Current:Home > StocksLack of water worsens misery in besieged Gaza as Israeli airstrikes continue -TradeWise
Lack of water worsens misery in besieged Gaza as Israeli airstrikes continue
View
Date:2025-04-14 18:27:38
DEIR AL-BALAH, Gaza Strip (AP) — As Israel pounds the Gaza Strip with airstrikes, Laila Abu Samhadaneh, 65, is anxious about water.
The besieged Gaza Strip’s 2.3 million people don’t have access to clean, running water after Israel cut off water and electricity to the enclave as it intensifies its air attacks in response to a bloody Hamas attack last week.
The chokehold has seen taps run dry across the territory. When water does trickle from pipes, the meager flow lasts no more than 30 minutes each day and is so contaminated with sewage and seawater that it’s undrinkable, residents said.
“I don’t know what we’re going to do tomorrow,” Abu Samhadaneh said from her three-room home in the southern town of Rafah, which turned into a de facto shelter after Israel demanded everyone in Gaza evacuate south. She said she rations just a few liters among dozens of friends and relatives each day. “We’re going crazy.”
The deprivation has plunged Gaza’s population deeper into misery as Israel’s bombardment intensifies one week after Hamas fighters surged across Israel’s separation fence, killing 1,300 Israelis and abducting dozens. Israel’s retaliatory strikes have crushed hundreds of buildings in Gaza and killed more than 2,200 Palestinians.
Even as terrified families flee their homes — squeezing into United Nations shelters or the bloody and chaotic halls of Gaza’s biggest hospital in fear for their safety — the desperate search for water remains a constant.
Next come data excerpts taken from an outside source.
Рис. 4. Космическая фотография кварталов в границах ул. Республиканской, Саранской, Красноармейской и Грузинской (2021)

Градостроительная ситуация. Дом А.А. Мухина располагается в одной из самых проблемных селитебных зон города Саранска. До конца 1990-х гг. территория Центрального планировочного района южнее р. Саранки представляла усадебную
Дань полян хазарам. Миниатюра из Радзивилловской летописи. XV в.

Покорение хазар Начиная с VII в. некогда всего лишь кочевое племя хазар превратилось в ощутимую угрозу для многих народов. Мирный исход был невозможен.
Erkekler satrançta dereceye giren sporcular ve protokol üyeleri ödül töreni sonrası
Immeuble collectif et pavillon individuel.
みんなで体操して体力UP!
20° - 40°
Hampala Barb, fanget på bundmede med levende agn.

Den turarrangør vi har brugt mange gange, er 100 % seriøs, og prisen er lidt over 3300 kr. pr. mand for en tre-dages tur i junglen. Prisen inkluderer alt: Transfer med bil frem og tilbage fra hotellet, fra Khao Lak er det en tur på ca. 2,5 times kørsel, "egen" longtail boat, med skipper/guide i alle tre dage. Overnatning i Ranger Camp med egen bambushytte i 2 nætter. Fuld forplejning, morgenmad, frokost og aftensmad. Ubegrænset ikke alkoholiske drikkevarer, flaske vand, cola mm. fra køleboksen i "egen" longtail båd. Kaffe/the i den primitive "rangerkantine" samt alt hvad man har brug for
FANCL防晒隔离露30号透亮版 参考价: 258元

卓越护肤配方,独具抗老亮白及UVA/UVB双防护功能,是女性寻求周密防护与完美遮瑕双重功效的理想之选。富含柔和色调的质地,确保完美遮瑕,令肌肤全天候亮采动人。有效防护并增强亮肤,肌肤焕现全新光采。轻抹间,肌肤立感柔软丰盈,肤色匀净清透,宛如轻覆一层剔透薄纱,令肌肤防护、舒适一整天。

U.N. agencies and aid groups are beseeching Israel to permit emergency deliveries of fuel and other supplies into the Gaza Strip.
“There really can’t be a justification for this kind of targeting of civilians,” said Miriam Marmur, a spokesperson for Gisha, an Israeli human rights group.
The U.N. Palestinian refugee agency called the water crisis a “matter of life or death.”
If fuel and water don’t arrive soon, the agency’s commissioner general Philippe Lazzarini said, “people will start dying of severe dehydration.”
In normal times, the coastal enclave — which has struggled under an Israeli-Egyptian blockade since Hamas seized control of Gaza in 2007 — relies on Israel for one-third of all available drinking water, the territory’s water authority says.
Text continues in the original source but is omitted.